We have spent time in the past here discussing the procedures followed by the National Fire Protection Association (NFPA) when a new code is promulgated or when changes to an existing document is made. Now we turn our attention to the process to which the International Code Council (ICC) adheres for its documents.
ICC produces a number of codes that are used throughout the United States (see sidebar for a list). Depending on the state in which you live or operate within, you may be using one or more ICC codes. ICC differs from NFPA in one major area: who may have a vote.
While NFPA allows any individual who is a member to vote on actions that may come before the membership at an annual meeting regarding codes and standards, only governmental members may have a final vote on ICC codes. Thus, if you should work for an authority having jurisdiction (AHJ), such as a building or fire department, you may vote on the changes brought before the membership. If you are a professional member, such as a contractor or independent engineer, you do not have a vote on the final actions that come before the membership. We’ll examine the reasons for this momentarily, along with other aspects of how ICC operates.
Code Consolidation Began in 1994
ICC started in 1994 and was created through the merger of three model code organizations:
- Building Officials and Code Administrators Int’l Inc. (BOCA)
- International Conference of Building Officials (ICBO)
- Southern Building Code Congress Int’l Inc. (SBCCI)
At the time of the merger there was concern within the design and construction trades that what was required by one set of model codes was not required in another. By having three different sets of codes the cost of design and construction was increased. For those involved with the promulgation of codes, it required following and participating in three different organizations. Hence, it was time for a single set of codes.
The development of the ICC suite of codes was not for the faint of heart. It involved numerous meetings and hearings across the nation as the three codes were blended into single documents. It is my opinion that the first editions out were not quite ready for primetime.

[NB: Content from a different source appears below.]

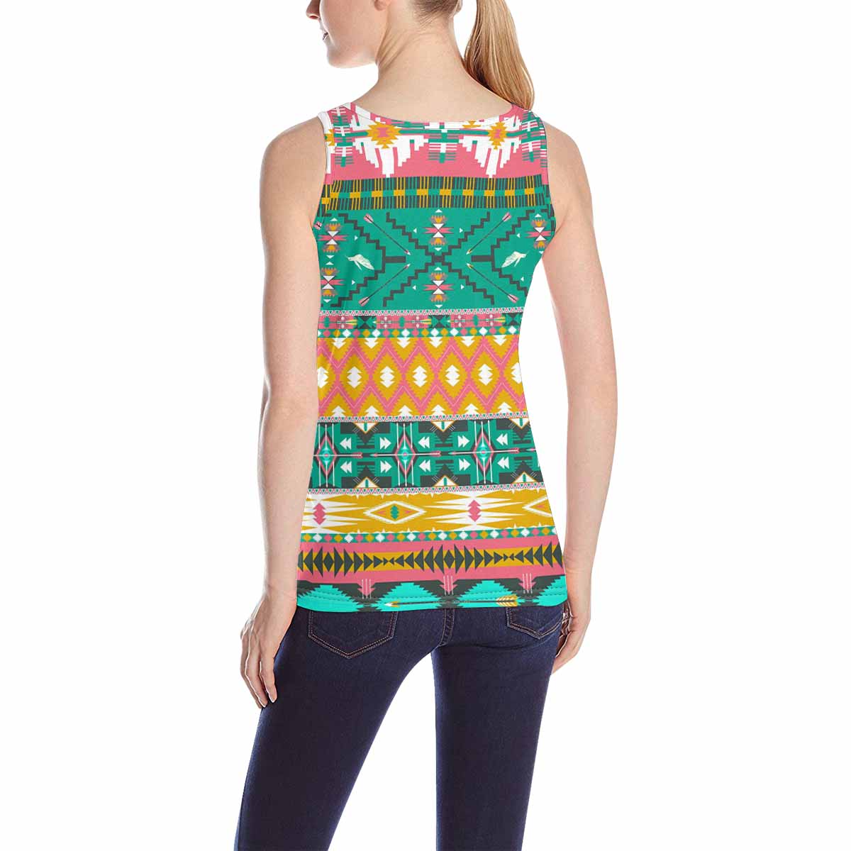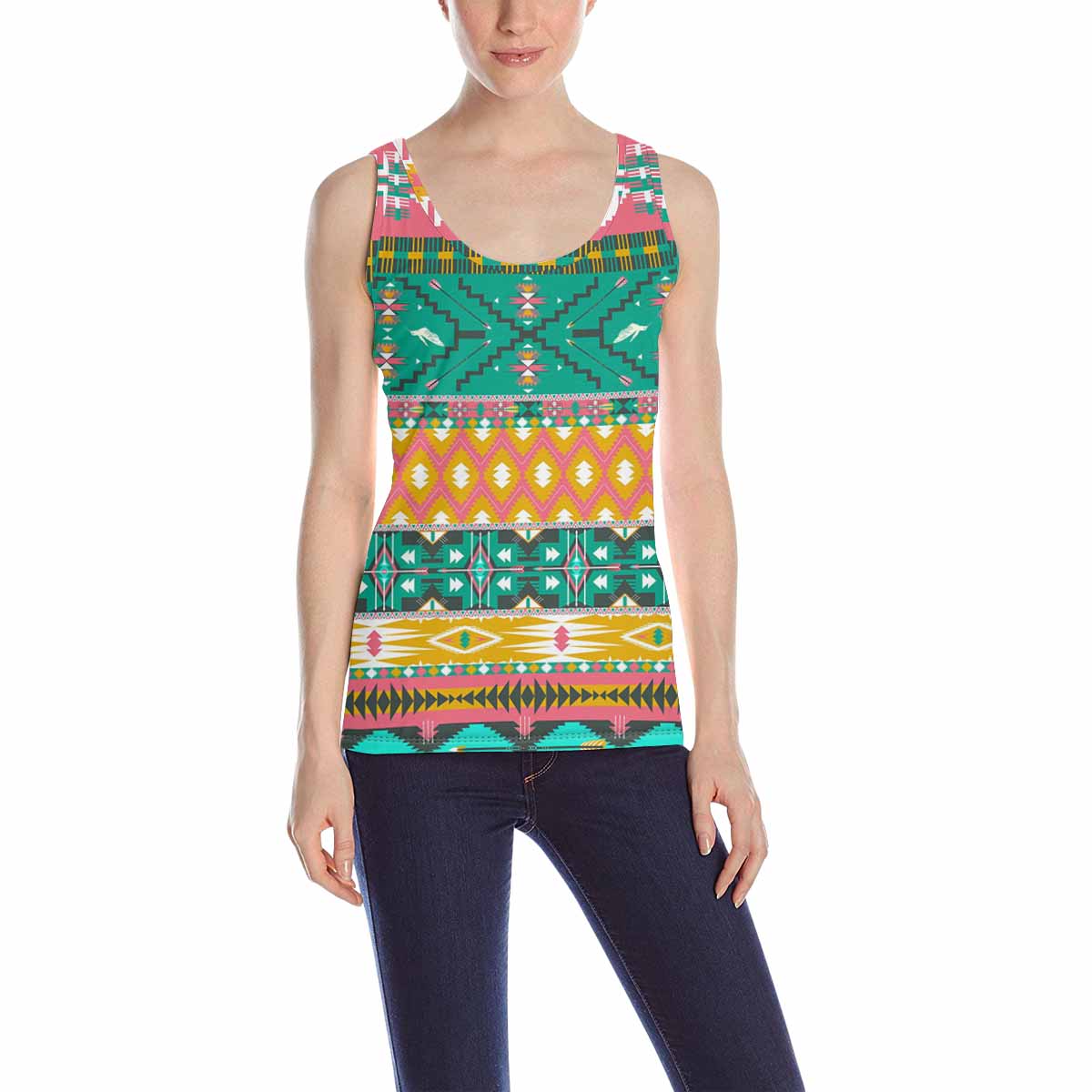 Womens Tank Tops print with colorful aztec pattern with birds

Although private industry does not have a final vote, the codes ICC publishes would not be possible without its support and assistance. While there is technical knowledge within the voting governmental member organizations, they do not have all of the expertise required to understand the new technologies and trends that are occurring. There are some AHJs that would disagree with that statement. ICC’s position is those with a financial interest in a product or industry segment should not vote on codes that may favor one over the other. It is a keystone of the organization that by allowing only governmental members final vote on a new code or changes to an existing code, items added that could favor one product or industry over another will not occur. I do not foresee a change to this in the near or far future within ICC.
This is not, however, to say industry does not have a say as to what is in ICC codes. While industry may not have a vote, the majority of proposals for each new edition originate outside governmental channels, or in partnership at the task group level. Anyone may make a proposal when a code comes into cycle. Anyone may speak to an issue when it comes before the membership. I have been involved with several task groups and have spoken on many occasions through the years on one item or another at various hearings. And I have been successful through my comments when the final vote did come.
That said, greater numbers of members of the fire alarm community need to be more involved in the process than just the select few from the Automatic Fire Alarm Association (AFAA), Electronic Security Association (ESA) and National Electrical Manufacturers Association (NEMA).
Reviews, Changes Take 3 Years
At the present time, ICC codes are on a three-year cycle. So as to cut the time involved for hearings, the various codes ICC produces were split into three groups, A, B and C. Within Group A is the International Building Code (IBC); Group B, International Fire Code (IFC); Group C, International Residential Code (IRC). The documents within each group come before the membership on two occasions during a cycle.
To begin the process, ICC publishes a Code Development Schedule. This schedule provides deadlines for receipt of all code change proposals. It also provides the deadline for receipt of applications for Code Development Consensus Committees. While a nongovernmental member may not vote on final actions, they may be a member of a Code Development Committee. Each code ICC oversees has a code committee. Committee members are appointed by the ICC Board of Directors and have a term of one cycle, but may serve longer than that.